In order to be respectful of a users memory constraints - we don't want the cache to be unbounded. Due to the fall-back
nature of the cache - we don't evict items immediately upon expiry (nor do we want to) - expiry is merely an indicator 
that an item should be refreshed.

The `DefaultAwsResourceCache` implementation is backed by a [`ConcurrentHashMap`][9] which has no
eviction logic of its own - entries will remain until they're explicitly removed. To satisfy the memory requirement we need
to periodically remove items once the cache grows too large.

#### Eviction Eligibility
The pruning process is based off the "weight" of the total cache, each `Entry` in the cache is given a numeric weighting. Since
there's no straightforward way to determine 'how much memory' an object takes up weighting is based on a simple algorithm: *collection based
items get 1 point per entry in the collection, all other items are assigned 1 point*. As an example:

* A *ListBuckets* resource that was a collection containing 5 buckets would be assigned a weight of 5, whereas a *DescribeService* resource with
only a single Service would have a weight of 1.

The **weighting** of the cache (and it's items) determines **how much** needs to be pruned at any given time. The determination of **what** is pruned
is based on an `Entry`'s **expiry**. With items that are expiring sooner being evicted first.

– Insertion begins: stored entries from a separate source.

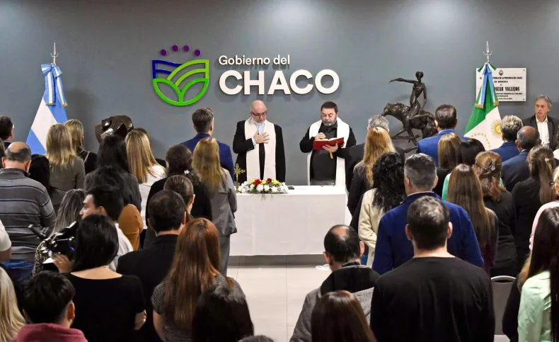 El gobernador Leandro Zdero encabezó, esta mañana, la misa en memoria del Papa Francisco que se realizó en el hall de Casa de Gobierno. Junto a la vicegobernadora Silvana Schneider, al arzobispo de Resistencia monseñor Ramón Alfredo Dus, y funcionarios provinciales hizo entrega de un presente floral al solideo del Papa.
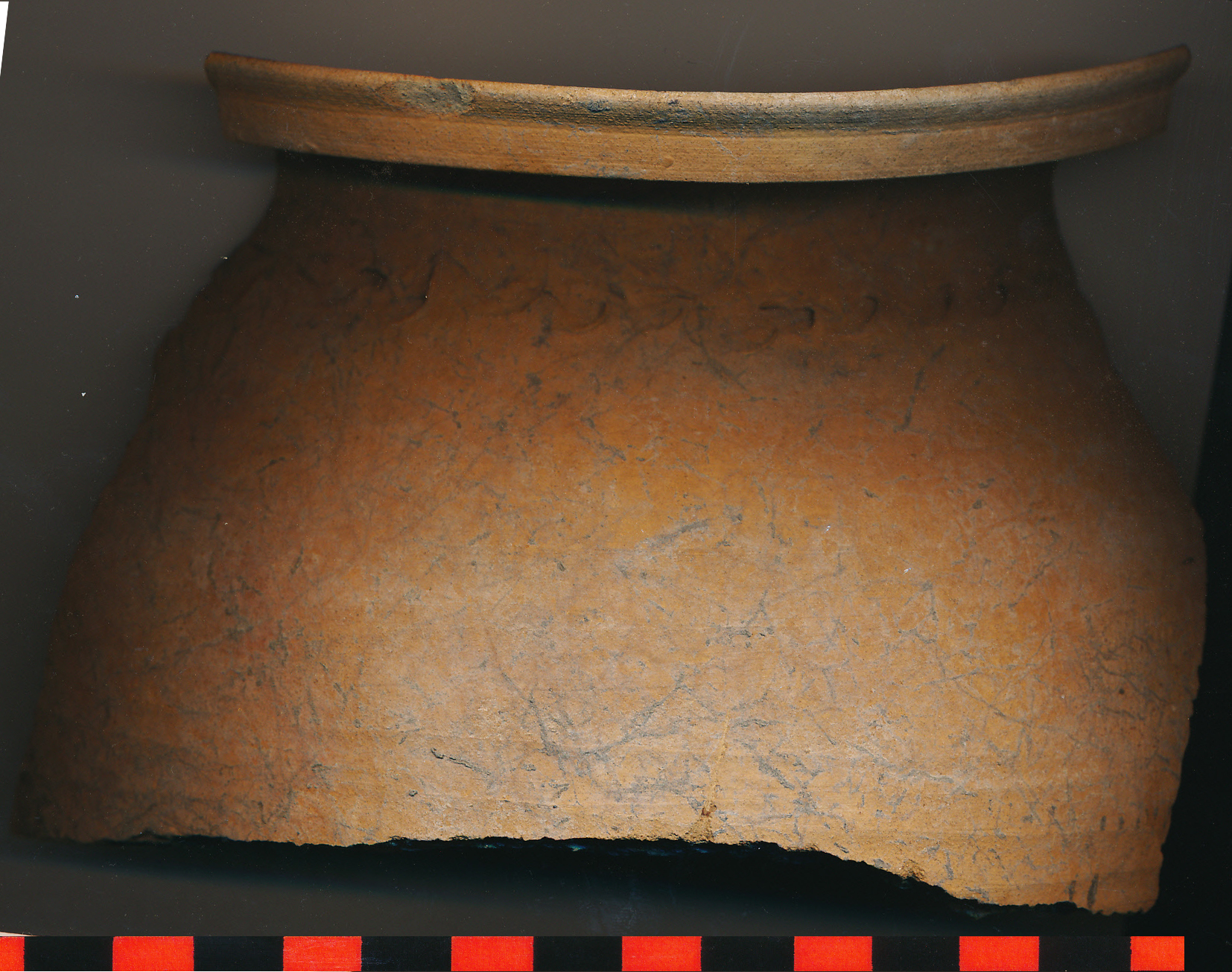 Világos téglaszínű, homokkal soványított, korongolt nagyobb fazék kihajló, függőlegesen vágott, enyhén kívülről tagolt peremű, íves nyakú, gömbölyű vállú nagyobb töredéke a nyak tövénél szabálytalan körbefutó bekarcolt hullámvonal.
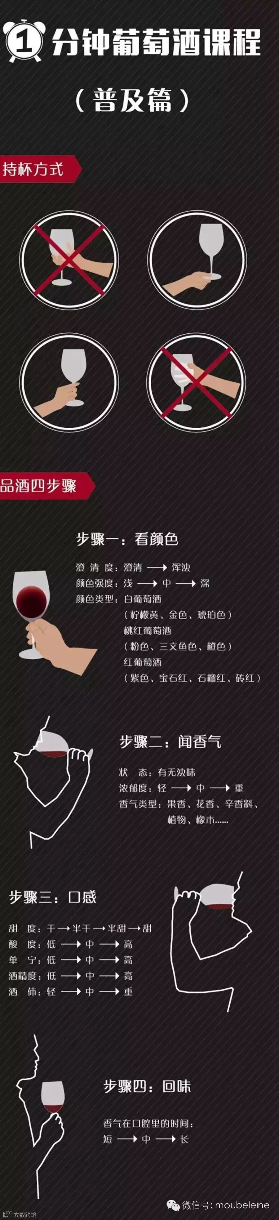 导读:葡萄酒喝了不少,怎么拿酒杯?品酒有几个步骤?不知道?这不是OUT了吗?快跟红酒课堂来学习今天的《一分钟葡萄酒课程》吧!
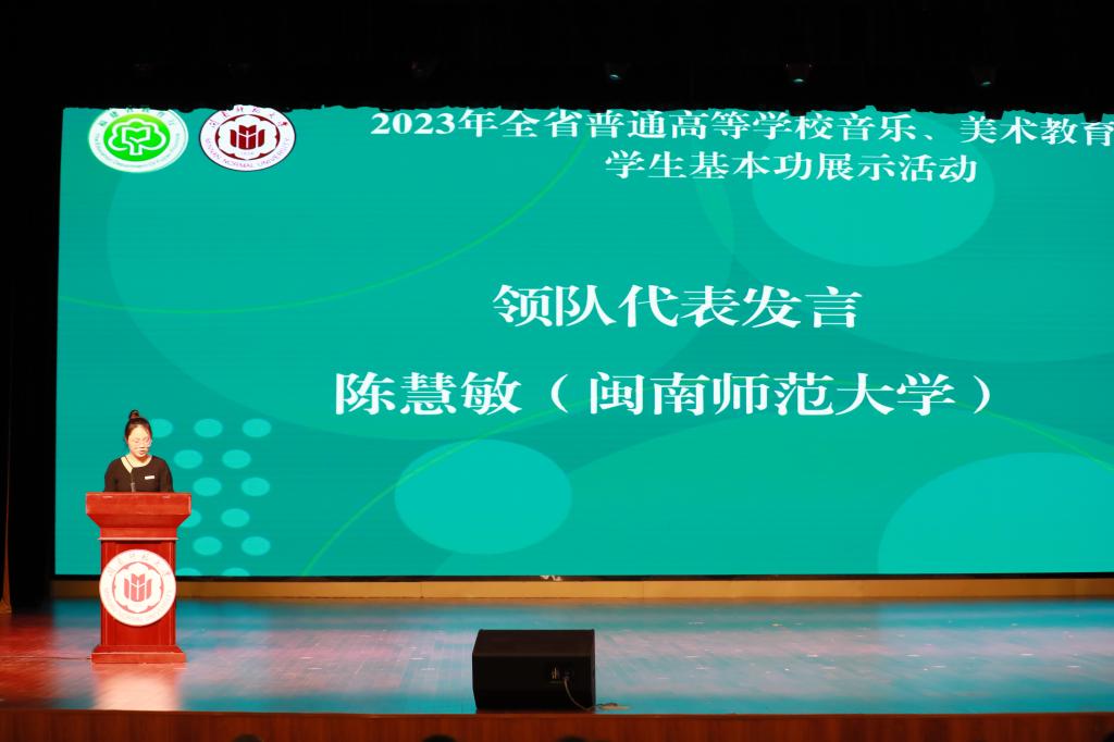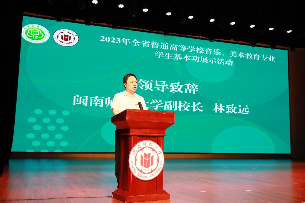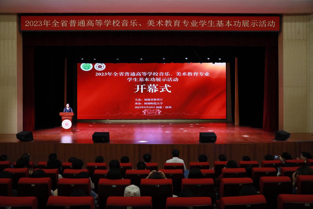 9月25日,由福建省教育厅主办、15vip太阳集团承办的2023年全省普通高等学校音乐、美术教育专业学生基本功展示开幕式在闽南文化艺术中心多功能厅举行。省教育厅副厅长李绚、副校长林致远出席,省教育厅体育卫生艺术教育与语言文字处处长苏贻堆、活动评委专家和参展师生参加开幕式。
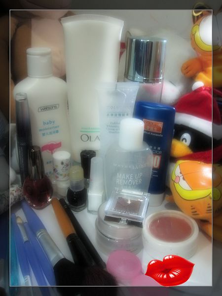 “美宝莲”的唇彩和杂牌的眼线笔、眉笔..
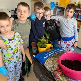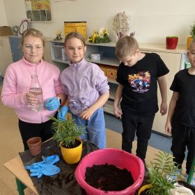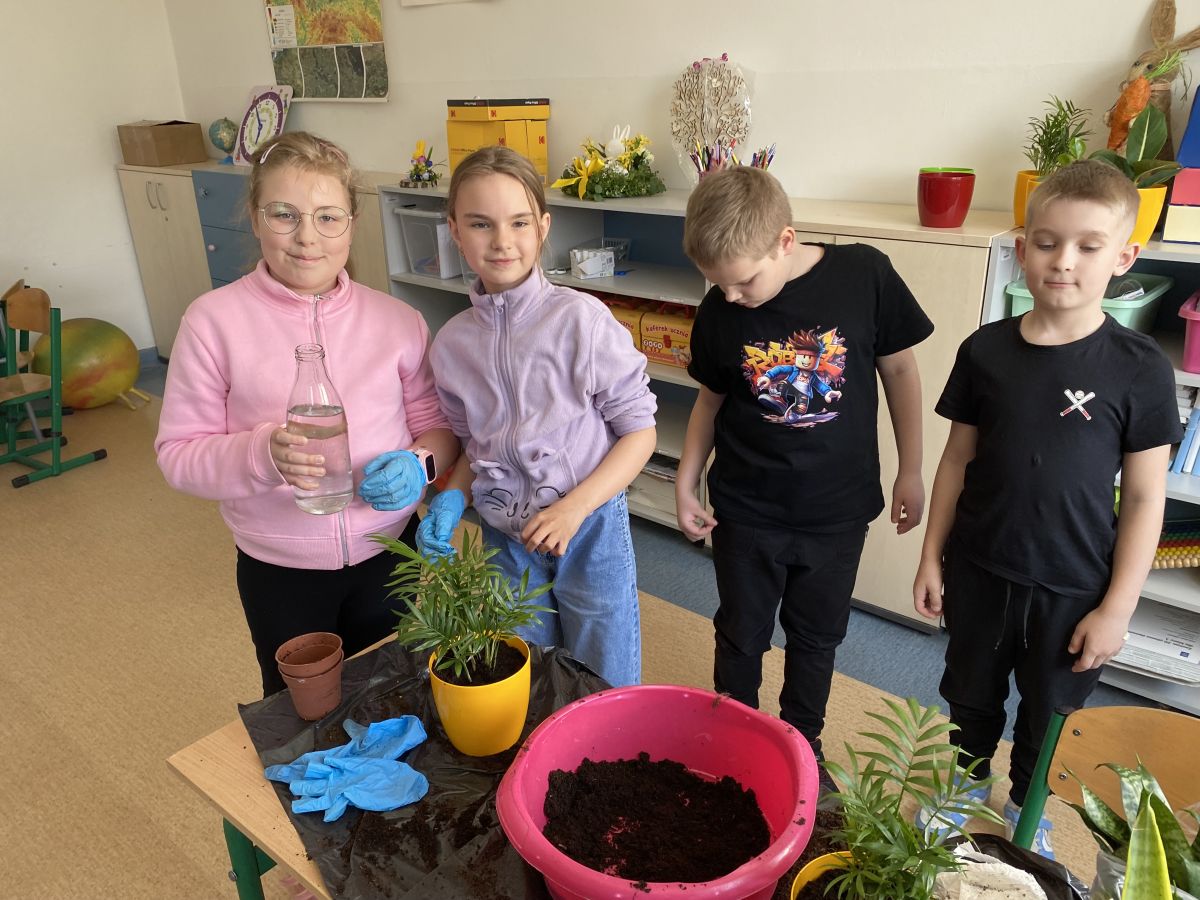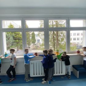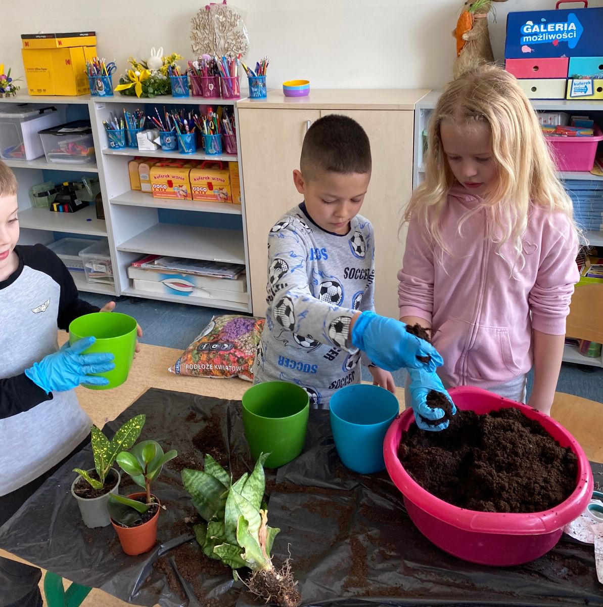 Uczniowie klas I–III wcielili się w rolę małych ogrodników – sadzili rośliny, obserwowali ich rozwój i uczyli się odpowiedzialności za wspólne otoczenie.
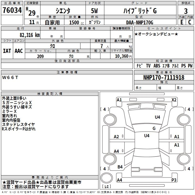 TOYOTA SIENTA - лот 76034
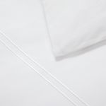 Double satin-stitch embroidered on white percale. This new design comes in many colours of timeless luxury. The crisp, fresh and matte feeling of percale highlights the lustre of the coloured embroidery.
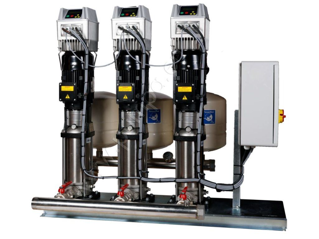- 3 paralelne zapojené vertikálne odstredivé čerpadlá z nehrdzavejúcej ocele namontované na spoločnom základnom ráme
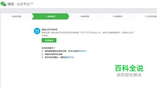 发送激活邮件 点击注册后,微信公众平台系统会发送一封邮件到您的注册邮箱里,点击登录邮箱,如图
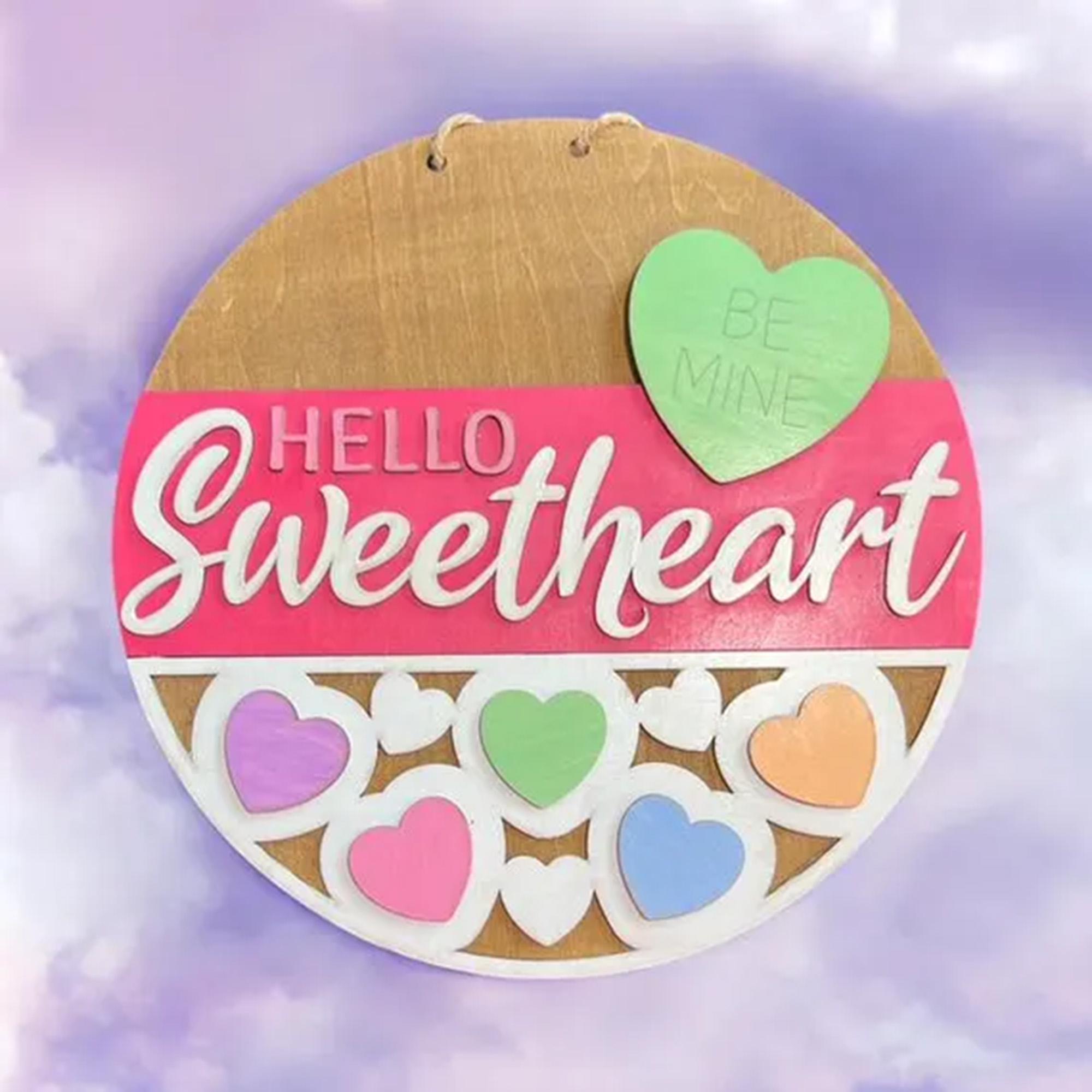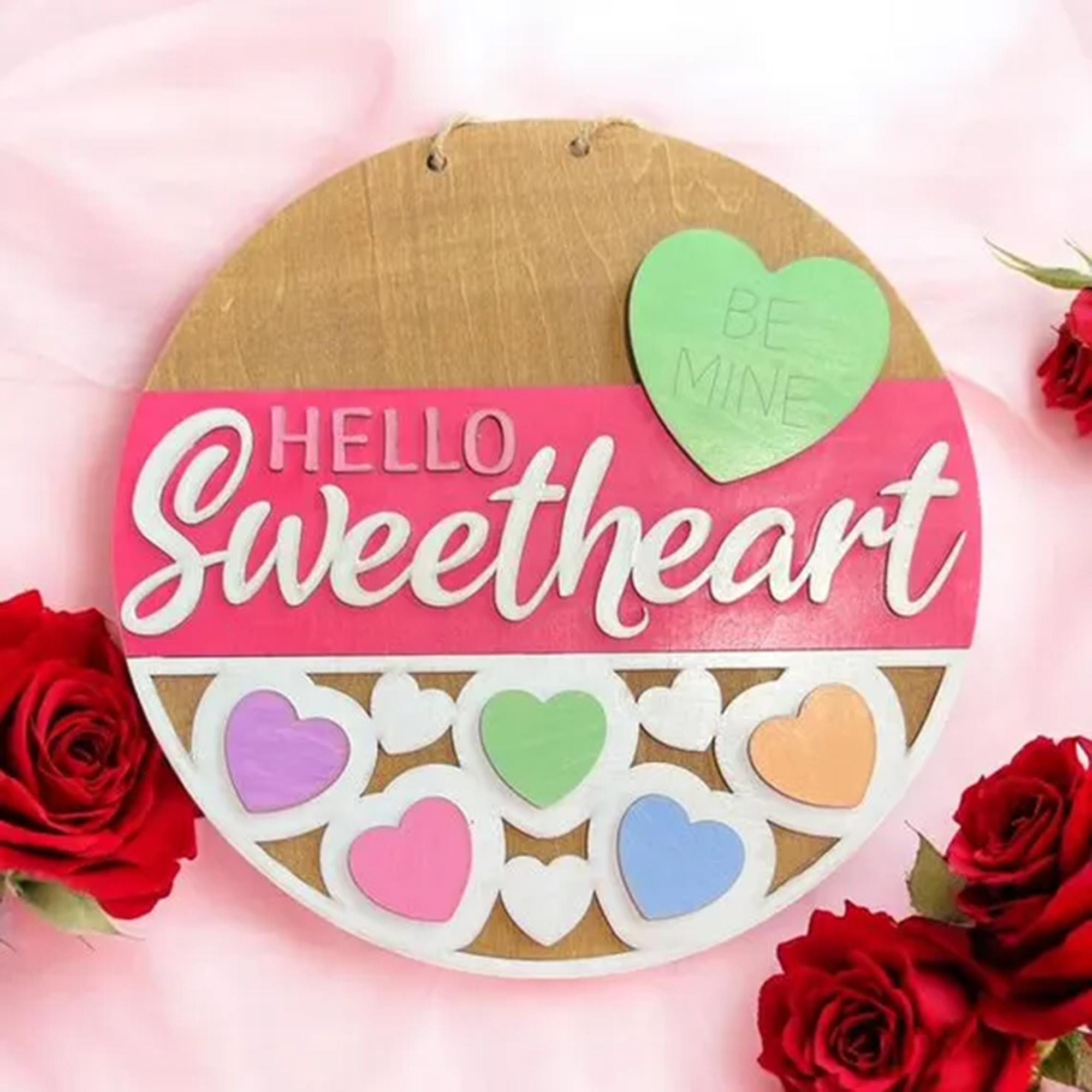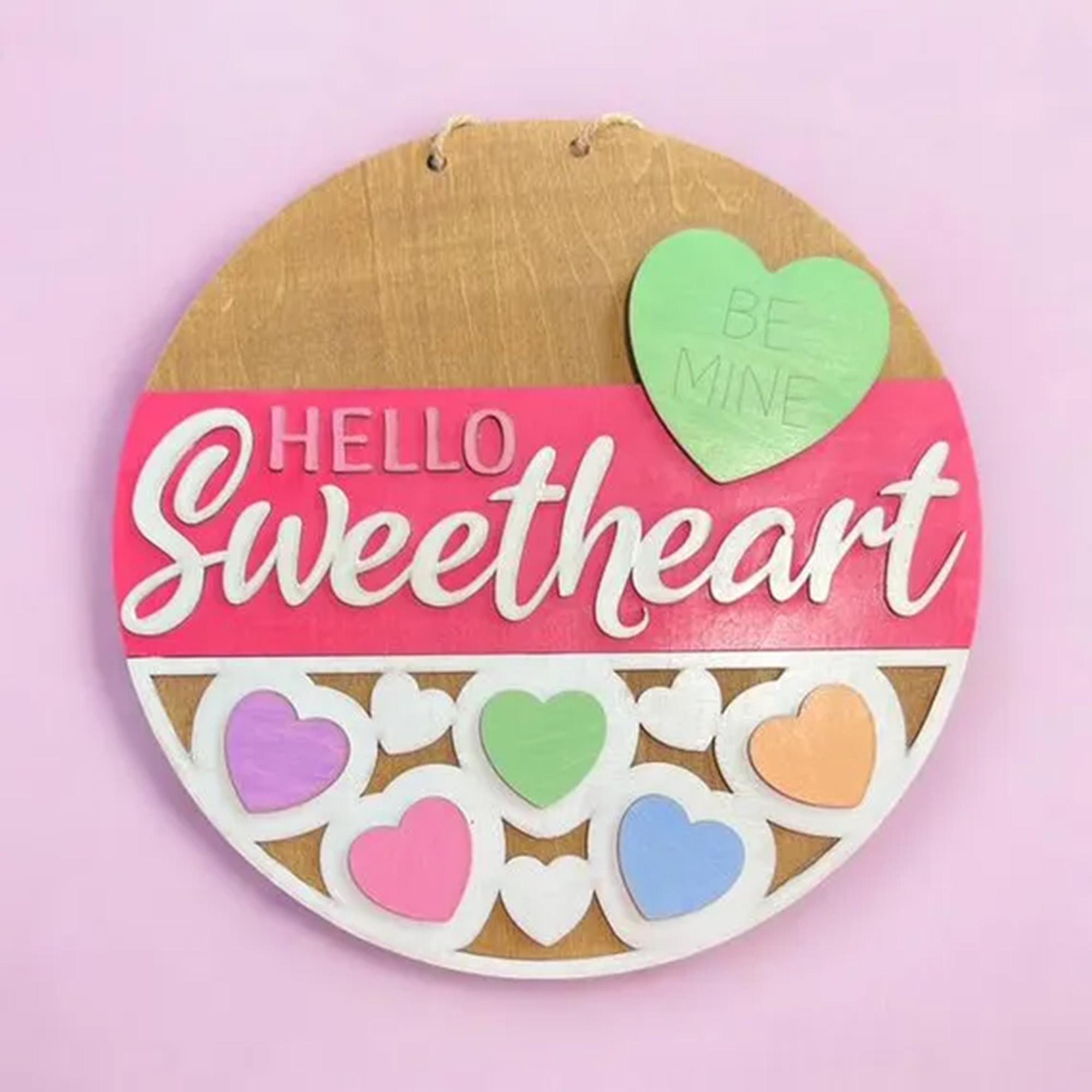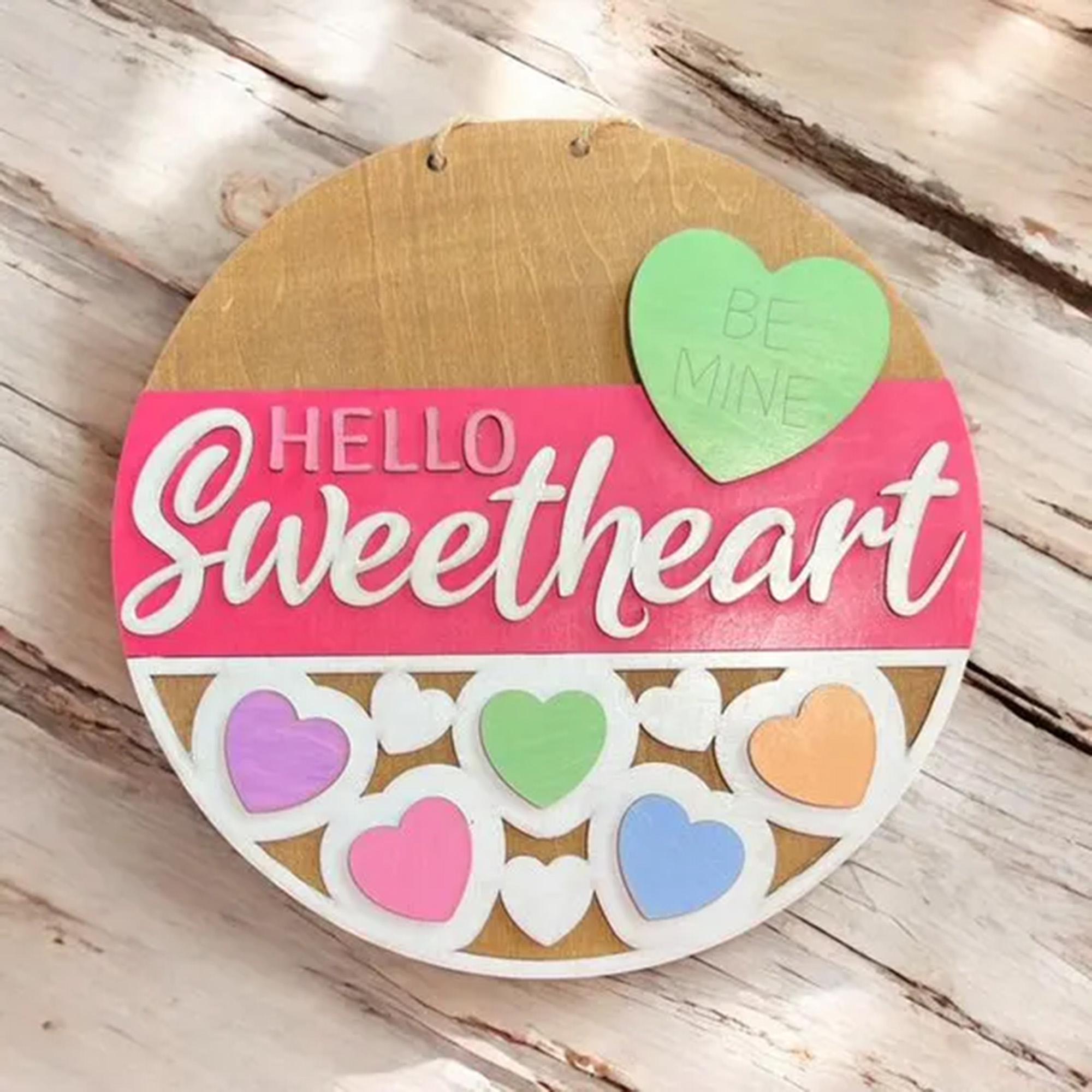 Welcome guests with this charming "Hello Sweetheart" door hanger, featuring a warm heart motif that adds a romantic touch to your front door. Handmade with care, this seasonal décor piece stands out by combining classic Valentine’s charm with a versatile design perfect for spring and summer welcomes.

The current **default max size** is 1000 weight-points.

#### When to Prune
There's a few options for when to implement pruning:
1) **Inline during fetch**: when new items are fetched that pushes the cache beyond it's size limit, perform pruning before
returning the items fetched.
    * **Pros**
        * Doesn't require an additional thread-pool
        * Cache will never exceed it's size/weight limit
        * Proven approach (this is how [Guava][5] does it)
    * **Cons**
        * Multiple prunes could happen concurrently leading to more removal than necessary (unless locking is introduced)
        * Causes fetches to be delayed
        * Adds complexity to the (already fairly complex) fetch process
2) **Time-based prune**: a separate scheduled process (using JetBrains' [`Alarm`][10] system) periodically runs pruning in
a separate thread. 
    * **Pros**
        * Doesn't interfere with the fetch process
        * Only one prune runs at any given time
    * **Cons**
        * Adds complexity in the form of managing a scheduler
        * Cache may temporarily grow larger than it's size limit
        
The current implementation uses Option 2) the **Time-Based** mechanism.

## Future Enhancements

### New `Resource` type `Resource.Compound`
In the future it might make sense to add a `Resource` type that both builds on an existing cached resource and makes additional network calls (and the 
result should be cached). A good use-case for this would be `LIST_BUCKETS_BY_REGION` which combines a `list-buckets` call with multiple `get-bucket-region` calls. In 
 the current design this resource would need to be implemented as it's own top-level `Cached` resource that makes both sets of calls. This potentially
 duplicates the storage of 'bucket lists' in the cache. 
 
 If a compound existed the `LIST_BUCKETS_BY_REGION` call could use a cached version of `list-buckets` and then make (and cache) the additional network
 calls to fill in the region information.
 
 This requires enhanced knowledge of the dependency graph to be built into the cache - expiry would no longer be associated to a single
 cached resource but be the combination of all dependent resources as well. 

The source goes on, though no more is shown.